Problem to work on: With pictures left out, set down exactly the lines from the line containing "生e经统计的2014年6月情趣行业女用器具淘宝品牌成交量" through the last line of the data.

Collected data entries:

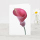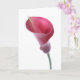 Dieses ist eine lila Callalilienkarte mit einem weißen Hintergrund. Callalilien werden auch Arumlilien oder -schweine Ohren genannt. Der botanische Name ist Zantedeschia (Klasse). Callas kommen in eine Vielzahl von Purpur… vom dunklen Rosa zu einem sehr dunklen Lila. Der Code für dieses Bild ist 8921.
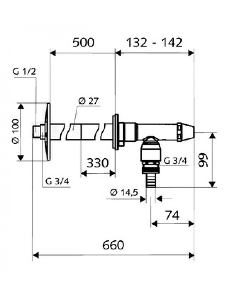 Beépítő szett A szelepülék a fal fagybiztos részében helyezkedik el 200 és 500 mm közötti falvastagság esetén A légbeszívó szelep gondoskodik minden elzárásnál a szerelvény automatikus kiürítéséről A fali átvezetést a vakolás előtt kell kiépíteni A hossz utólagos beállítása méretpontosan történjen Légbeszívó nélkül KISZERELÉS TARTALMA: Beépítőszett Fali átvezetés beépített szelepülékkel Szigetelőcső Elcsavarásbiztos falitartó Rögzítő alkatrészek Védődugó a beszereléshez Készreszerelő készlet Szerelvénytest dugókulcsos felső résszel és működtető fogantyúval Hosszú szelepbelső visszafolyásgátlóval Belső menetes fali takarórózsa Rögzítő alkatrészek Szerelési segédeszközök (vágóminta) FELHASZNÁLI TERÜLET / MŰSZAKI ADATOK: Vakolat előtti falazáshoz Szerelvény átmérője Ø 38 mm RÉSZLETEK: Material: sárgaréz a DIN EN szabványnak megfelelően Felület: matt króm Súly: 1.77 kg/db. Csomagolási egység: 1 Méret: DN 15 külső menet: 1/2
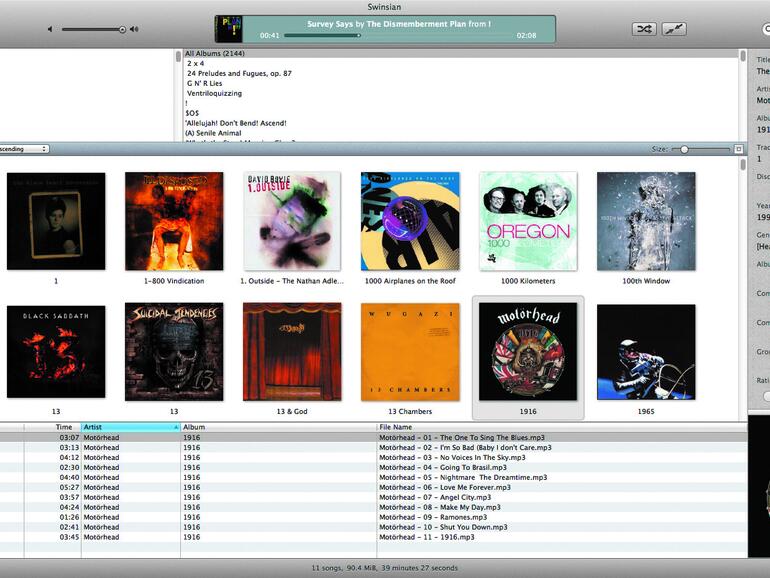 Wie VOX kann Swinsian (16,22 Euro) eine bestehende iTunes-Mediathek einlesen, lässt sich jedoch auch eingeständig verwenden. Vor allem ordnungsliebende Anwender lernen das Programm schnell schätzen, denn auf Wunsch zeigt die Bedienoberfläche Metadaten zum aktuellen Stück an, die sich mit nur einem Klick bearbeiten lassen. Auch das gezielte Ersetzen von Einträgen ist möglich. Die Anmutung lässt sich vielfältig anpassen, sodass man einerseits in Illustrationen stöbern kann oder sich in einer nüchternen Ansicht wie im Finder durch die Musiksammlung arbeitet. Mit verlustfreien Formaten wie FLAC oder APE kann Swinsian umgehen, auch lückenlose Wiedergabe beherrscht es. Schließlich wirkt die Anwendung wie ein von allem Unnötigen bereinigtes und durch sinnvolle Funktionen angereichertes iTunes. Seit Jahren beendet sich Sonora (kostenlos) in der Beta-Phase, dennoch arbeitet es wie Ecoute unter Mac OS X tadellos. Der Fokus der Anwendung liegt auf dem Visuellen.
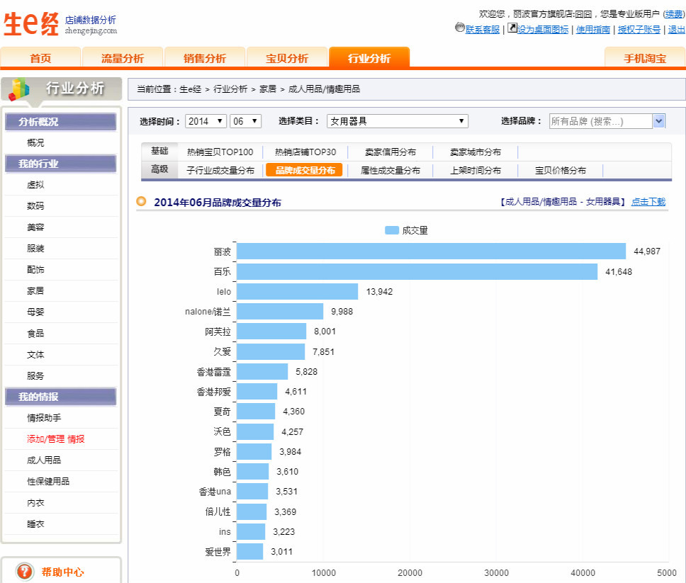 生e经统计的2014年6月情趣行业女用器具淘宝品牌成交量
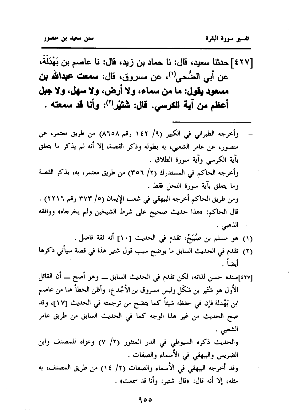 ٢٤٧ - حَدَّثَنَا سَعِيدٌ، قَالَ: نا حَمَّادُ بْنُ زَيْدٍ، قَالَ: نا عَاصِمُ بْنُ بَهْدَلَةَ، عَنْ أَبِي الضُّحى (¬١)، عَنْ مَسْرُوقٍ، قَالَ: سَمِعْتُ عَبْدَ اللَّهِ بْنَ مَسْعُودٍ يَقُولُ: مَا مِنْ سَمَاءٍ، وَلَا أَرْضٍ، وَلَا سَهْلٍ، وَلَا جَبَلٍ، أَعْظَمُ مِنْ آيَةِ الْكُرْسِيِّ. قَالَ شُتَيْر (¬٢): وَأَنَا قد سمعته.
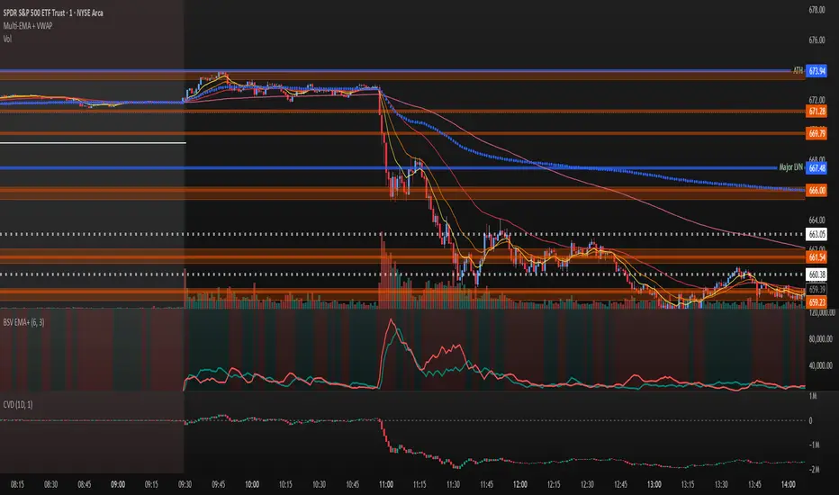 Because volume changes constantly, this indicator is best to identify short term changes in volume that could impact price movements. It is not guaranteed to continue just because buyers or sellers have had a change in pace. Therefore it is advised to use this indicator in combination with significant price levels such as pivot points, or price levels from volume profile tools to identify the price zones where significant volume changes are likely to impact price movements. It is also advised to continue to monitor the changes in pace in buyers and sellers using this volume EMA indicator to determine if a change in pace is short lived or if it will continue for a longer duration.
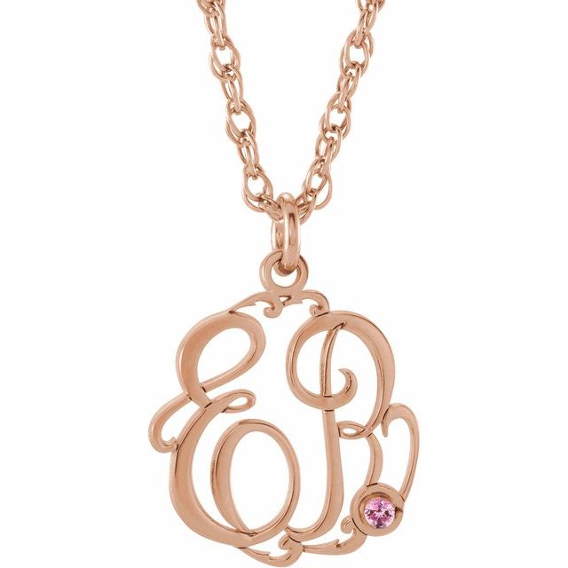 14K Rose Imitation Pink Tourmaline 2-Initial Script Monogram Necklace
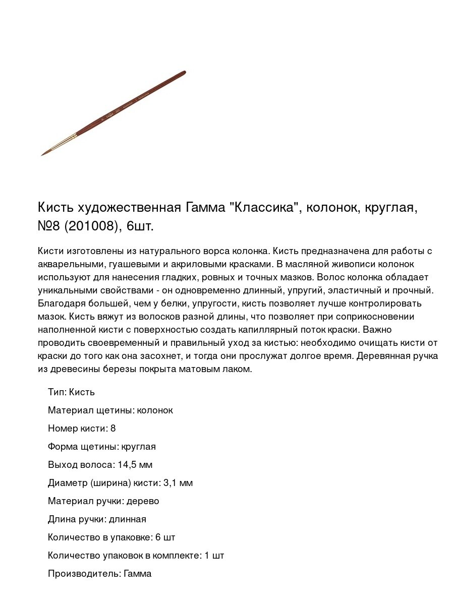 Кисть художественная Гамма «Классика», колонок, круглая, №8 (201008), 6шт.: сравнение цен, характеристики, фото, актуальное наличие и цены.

Answer box:
 生e经统计的2014年6月情趣行业女用器具淘宝品牌成交量
 ٢٤٧ - حَدَّثَنَا سَعِيدٌ، قَالَ: نا حَمَّادُ بْنُ زَيْدٍ، قَالَ: نا عَاصِمُ بْنُ بَهْدَلَةَ، عَنْ أَبِي الضُّحى (¬١)، عَنْ مَسْرُوقٍ، قَالَ: سَمِعْتُ عَبْدَ اللَّهِ بْنَ مَسْعُودٍ يَقُولُ: مَا مِنْ سَمَاءٍ، وَلَا أَرْضٍ، وَلَا سَهْلٍ، وَلَا جَبَلٍ، أَعْظَمُ مِنْ آيَةِ الْكُرْسِيِّ. قَالَ شُتَيْر (¬٢): وَأَنَا قد سمعته.
 Because volume changes constantly, this indicator is best to identify short term changes in volume that could impact price movements. It is not guaranteed to continue just because buyers or sellers have had a change in pace. Therefore it is advised to use this indicator in combination with significant price levels such as pivot points, or price levels from volume profile tools to identify the price zones where significant volume changes are likely to impact price movements. It is also advised to continue to monitor the changes in pace in buyers and sellers using this volume EMA indicator to determine if a change in pace is short lived or if it will continue for a longer duration.
 14K Rose Imitation Pink Tourmaline 2-Initial Script Monogram Necklace
 Кисть художественная Гамма «Классика», колонок, круглая, №8 (201008), 6шт.: сравнение цен, характеристики, фото, актуальное наличие и цены.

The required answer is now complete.